=== Section Start ===

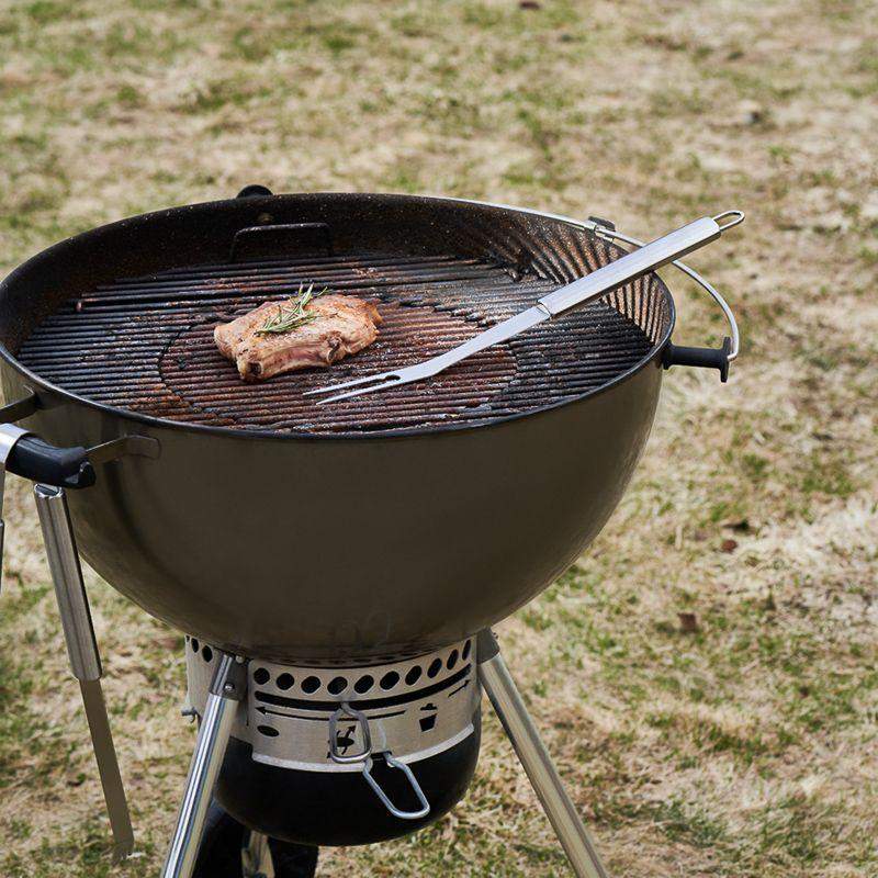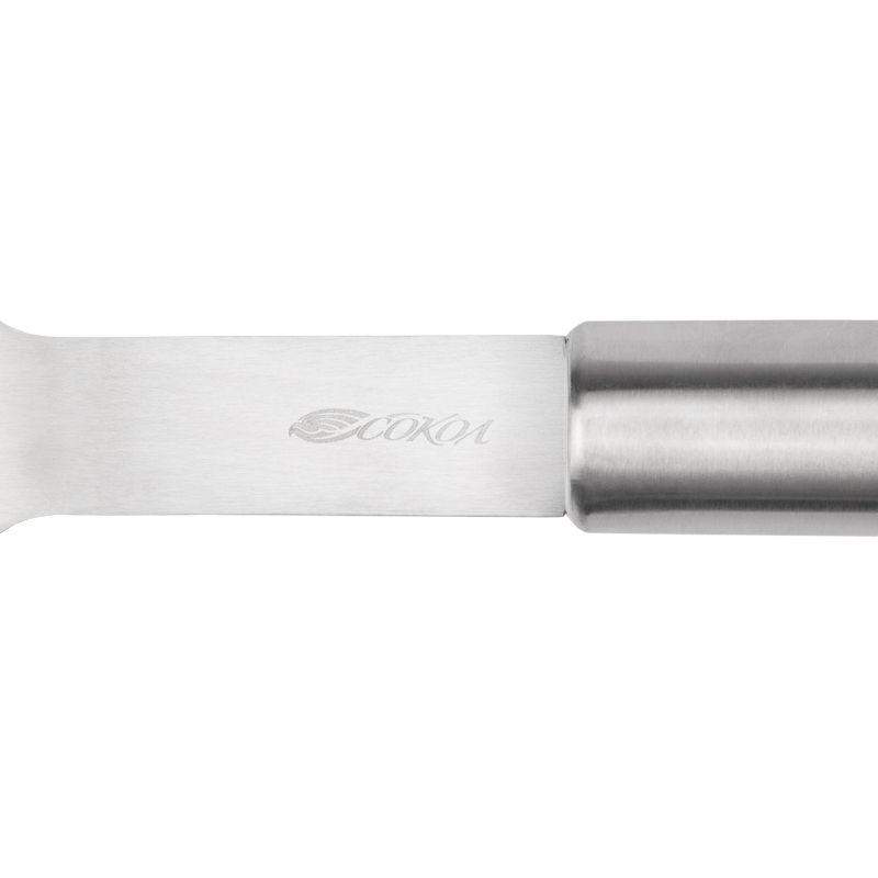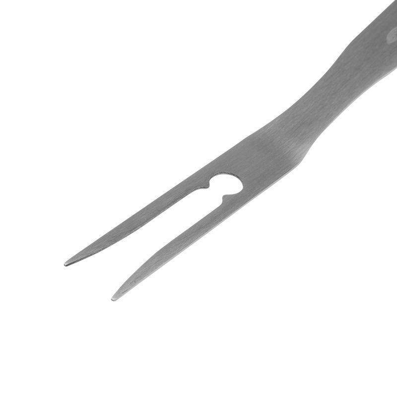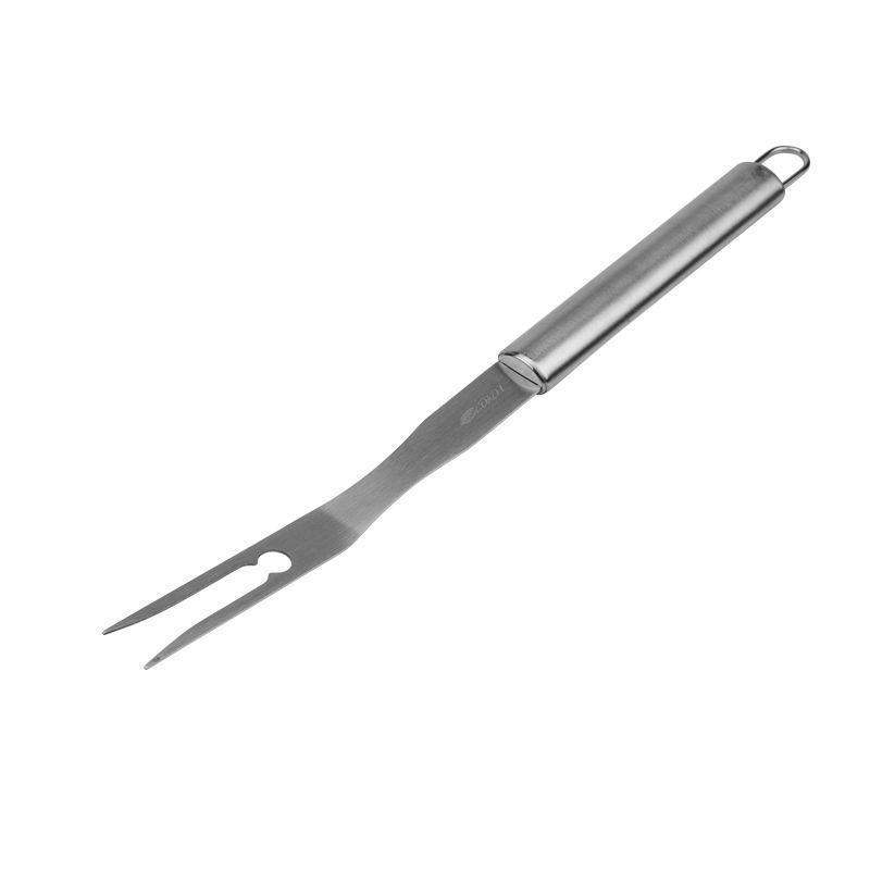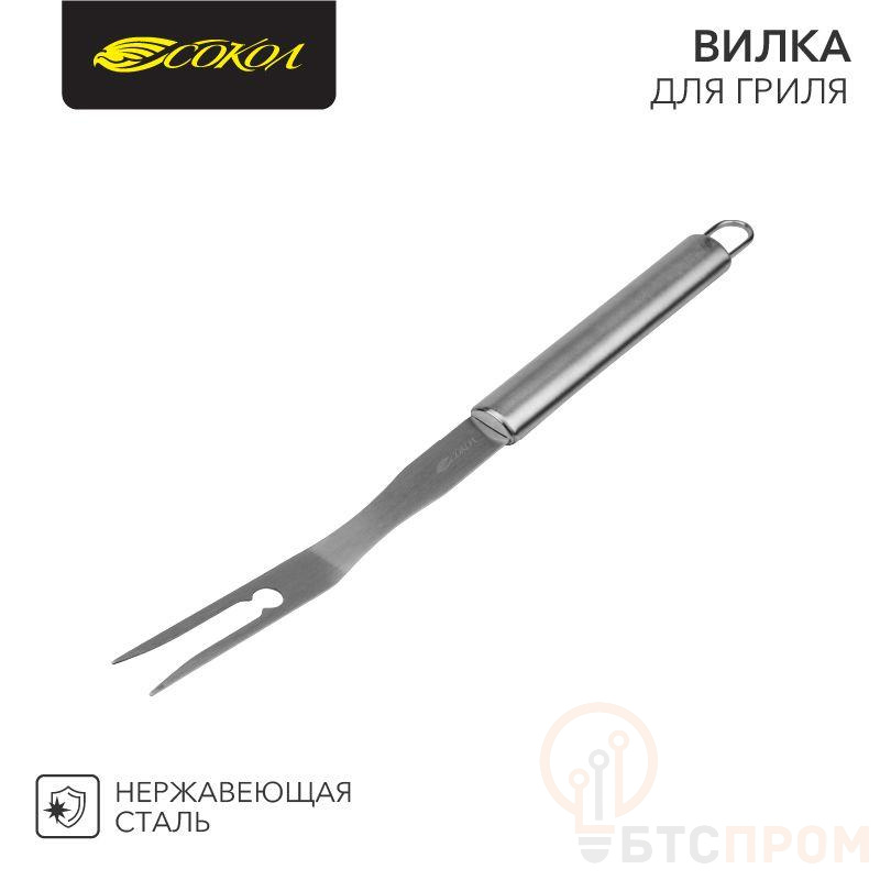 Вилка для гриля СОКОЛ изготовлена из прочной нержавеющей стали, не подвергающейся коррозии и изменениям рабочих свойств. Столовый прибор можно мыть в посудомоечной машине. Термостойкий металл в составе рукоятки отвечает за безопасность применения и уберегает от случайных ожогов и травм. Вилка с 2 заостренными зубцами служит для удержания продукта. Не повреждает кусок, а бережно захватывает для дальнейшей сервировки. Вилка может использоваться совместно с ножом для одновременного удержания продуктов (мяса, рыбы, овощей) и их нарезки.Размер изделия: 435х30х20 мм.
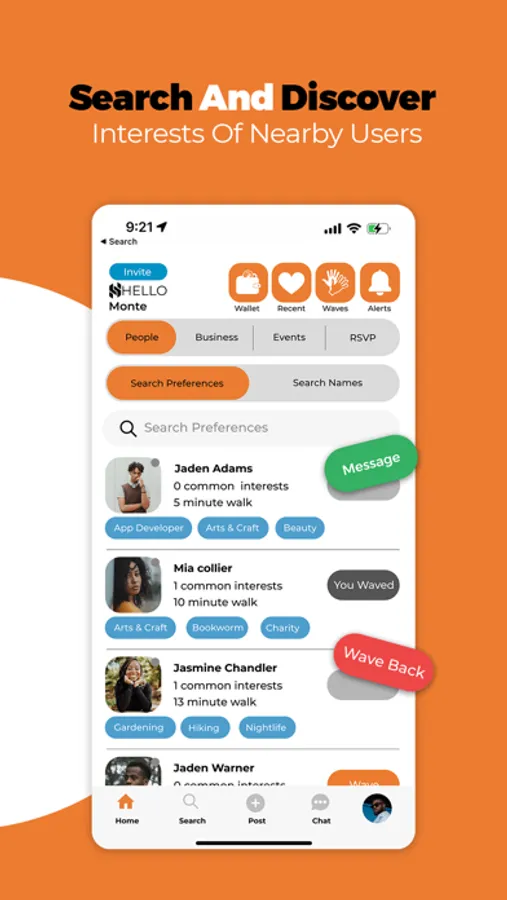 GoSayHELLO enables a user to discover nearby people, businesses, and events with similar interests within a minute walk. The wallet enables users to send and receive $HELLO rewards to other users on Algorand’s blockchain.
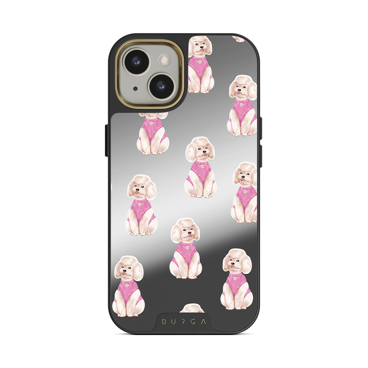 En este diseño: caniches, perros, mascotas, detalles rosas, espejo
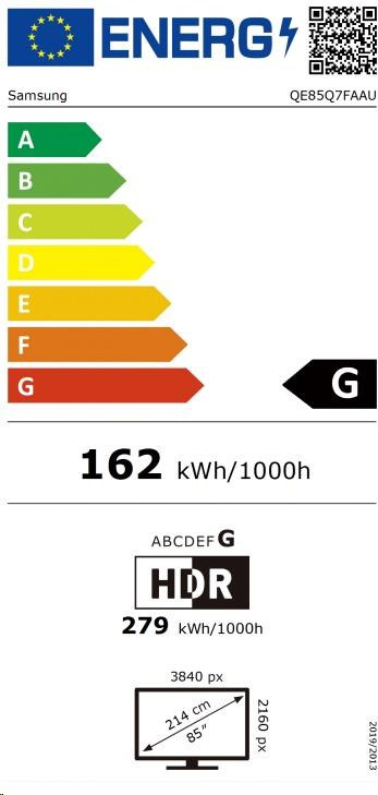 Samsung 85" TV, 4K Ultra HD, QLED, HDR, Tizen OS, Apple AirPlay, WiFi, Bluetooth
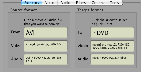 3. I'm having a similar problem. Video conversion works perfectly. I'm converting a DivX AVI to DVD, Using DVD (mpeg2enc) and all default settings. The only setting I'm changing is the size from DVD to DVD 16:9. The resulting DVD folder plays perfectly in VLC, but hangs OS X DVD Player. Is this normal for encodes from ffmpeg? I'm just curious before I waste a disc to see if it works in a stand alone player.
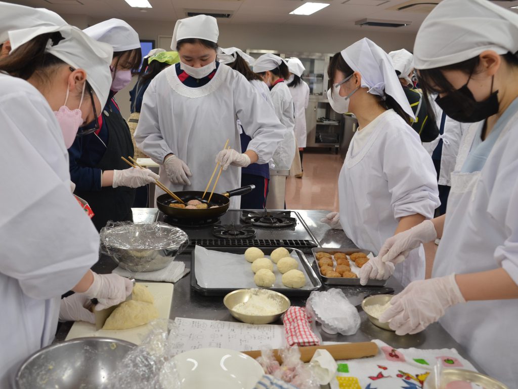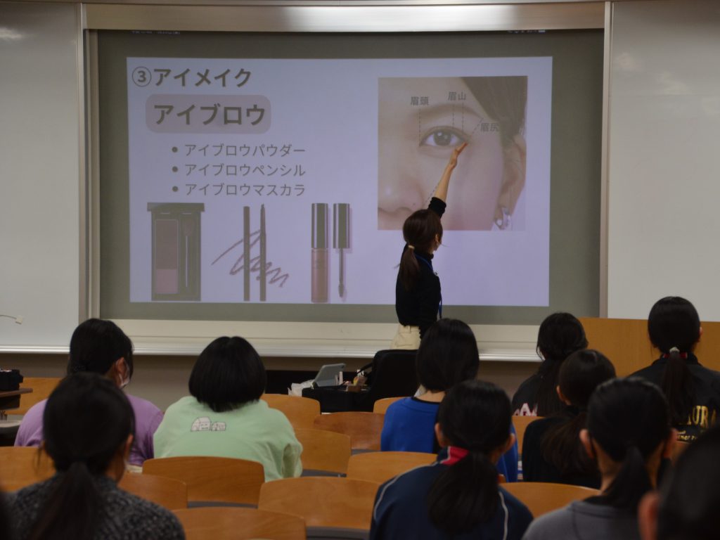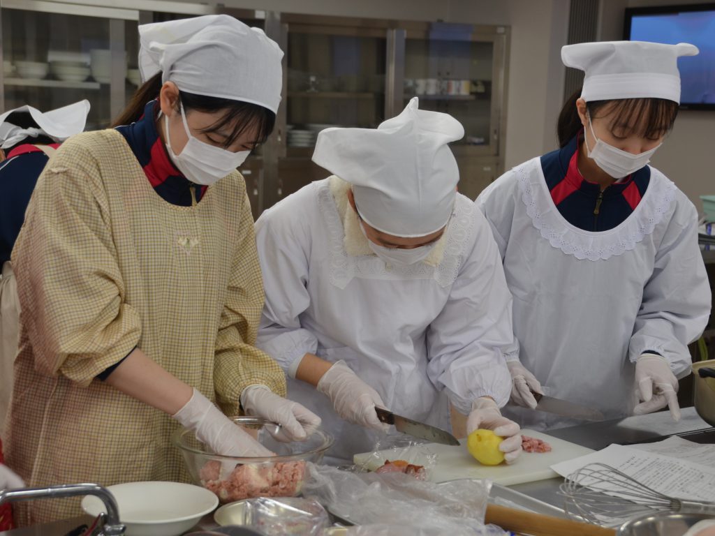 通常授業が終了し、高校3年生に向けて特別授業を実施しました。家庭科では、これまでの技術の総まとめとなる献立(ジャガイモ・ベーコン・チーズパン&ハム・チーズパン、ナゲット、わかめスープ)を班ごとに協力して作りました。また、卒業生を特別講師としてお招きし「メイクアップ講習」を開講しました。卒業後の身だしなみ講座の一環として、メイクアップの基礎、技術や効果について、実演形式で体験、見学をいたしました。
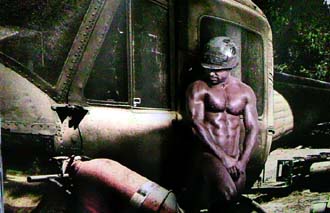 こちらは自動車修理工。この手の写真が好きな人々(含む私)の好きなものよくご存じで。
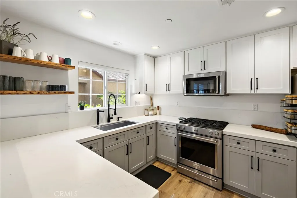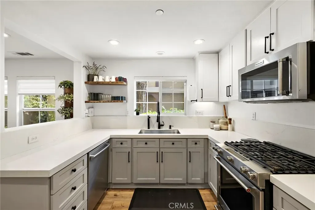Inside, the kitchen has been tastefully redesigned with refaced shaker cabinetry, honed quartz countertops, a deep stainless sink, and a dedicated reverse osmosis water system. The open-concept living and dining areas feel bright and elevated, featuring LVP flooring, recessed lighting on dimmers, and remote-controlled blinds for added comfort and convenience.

=== Section End ===

> _How to complete this task_: Beginning at the line with "3. I'm having" and ending at the last line of the listing above, retype each line exactly, including those two lines. Leave the pictures out.

> _Problem solution_:
 3. I'm having a similar problem. Video conversion works perfectly. I'm converting a DivX AVI to DVD, Using DVD (mpeg2enc) and all default settings. The only setting I'm changing is the size from DVD to DVD 16:9. The resulting DVD folder plays perfectly in VLC, but hangs OS X DVD Player. Is this normal for encodes from ffmpeg? I'm just curious before I waste a disc to see if it works in a stand alone player.
 通常授業が終了し、高校3年生に向けて特別授業を実施しました。家庭科では、これまでの技術の総まとめとなる献立(ジャガイモ・ベーコン・チーズパン&ハム・チーズパン、ナゲット、わかめスープ)を班ごとに協力して作りました。また、卒業生を特別講師としてお招きし「メイクアップ講習」を開講しました。卒業後の身だしなみ講座の一環として、メイクアップの基礎、技術や効果について、実演形式で体験、見学をいたしました。
 こちらは自動車修理工。この手の写真が好きな人々(含む私)の好きなものよくご存じで。
Inside, the kitchen has been tastefully redesigned with refaced shaker cabinetry, honed quartz countertops, a deep stainless sink, and a dedicated reverse osmosis water system. The open-concept living and dining areas feel bright and elevated, featuring LVP flooring, recessed lighting on dimmers, and remote-controlled blinds for added comfort and convenience.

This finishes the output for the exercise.